# sid gone wacko



## sid (Mar 26, 2018)

ive gone wacko again, what can i say im bored . dont have funds to build my table . tore up my lil pratice layout so cant play whit choo choos for now , so messing around with scram making different track layouts with parts i have . its kinda fun really.


----------



## PRR1950 (Oct 26, 2013)

*Let's be wacko with purpose*

Hi Sid,

Two comments:

1. Program is SCARM, not scram, and it would help others if you added a copy of the file to your post.

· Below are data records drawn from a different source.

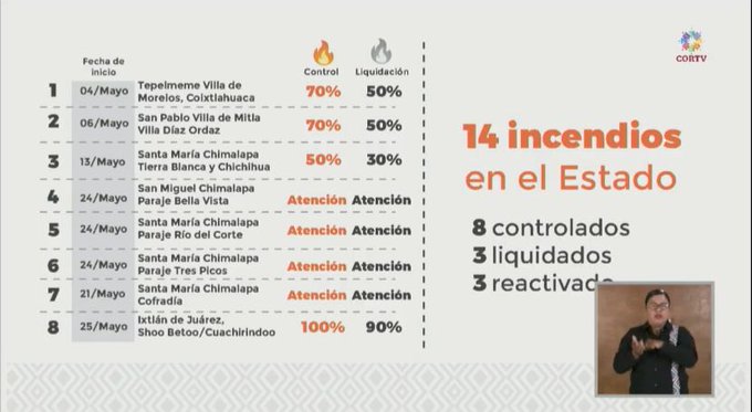 Destacó que se mantiene el incendio de Tepelmeme así como Villa de Mitla y Díaz Ordaz, son 8 controlados, 3 liquidados y 3 reactivados.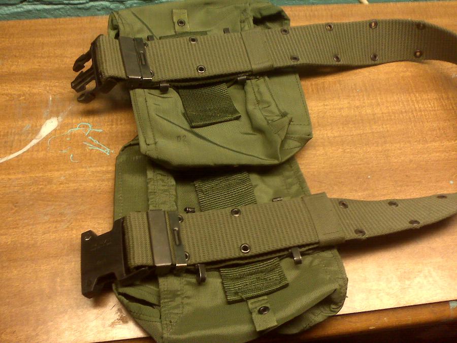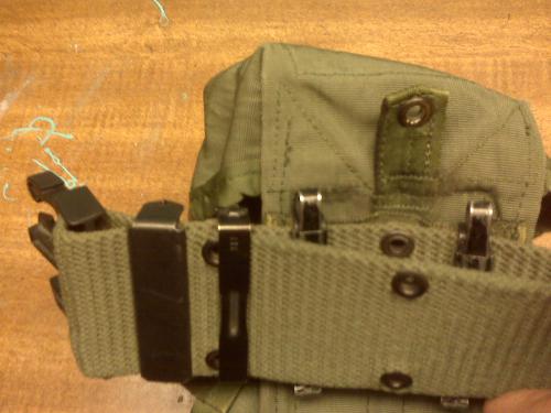 Attach the Alice mag pouches as shown in the picture. You want the eyelet on the pouch to be just above the first eyelet on the non folded over portion of the belt. (see the pics). Put both on like seen in the photos. If your using the ALICE M249 SAW pouches or the M1956/M1967 pouches. Notes on them will be at the bottom of this web page. If your not going to run ammo pouches, just clip to the hole on the non folded over portion of the belt one spot away from the buckle.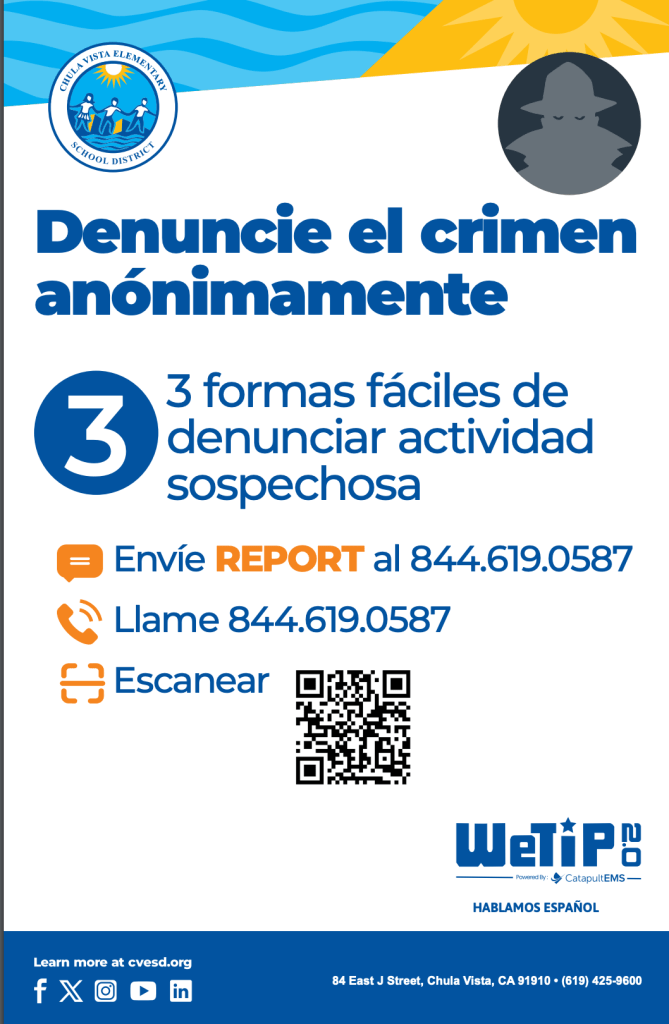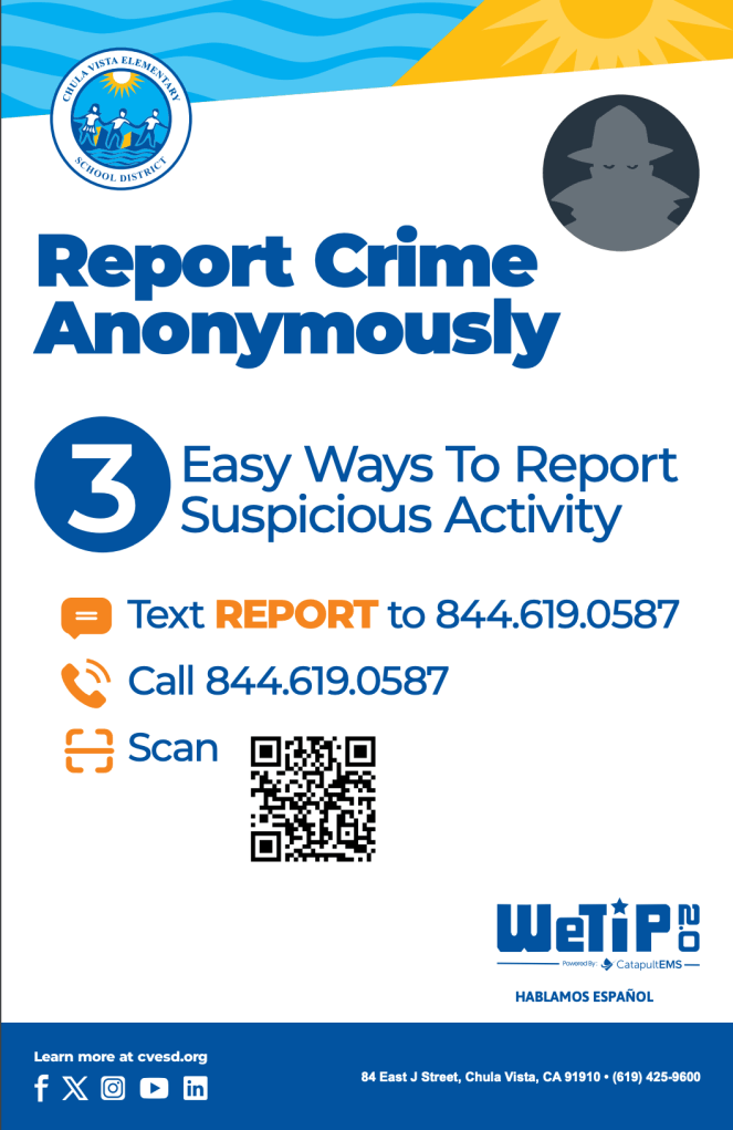 The Chula Vista Elementary School District (CVESD) is proud to introduce a new anonymous reporting program called WeTip which launched on November 1, 2023. WeTip will enhance safety at CVESD while actively empowering students, staff, and community members to maintain a safe and secure environment. The WeTip link to the anonymous report can be found here.

2. Design is interesting because it looks like you incorporated a branch up to a mine or logging camp which can only be accessed through a switchback. Any thought about extending the branch to the other side of the layout, maybe with a short passing siding and another industry over there?

Chuck


----------



## sid (Mar 26, 2018)

SCARM ok got it lol this is just something im messing with im bored . already have a track plan and sorta a table built . just need more mooola to get some pink foam board. cant believe how much that stuff is. $33 buckaroos for one lil sheet 2x4x8 i mean wow . but thats what it is . so wait i will. maybe i can find a piece that has a corner busted off so i can get it at a lower price hahahahahaha this is what i have built fer now. and that lil person is my tell me where i need stuff person hahahahahaha


----------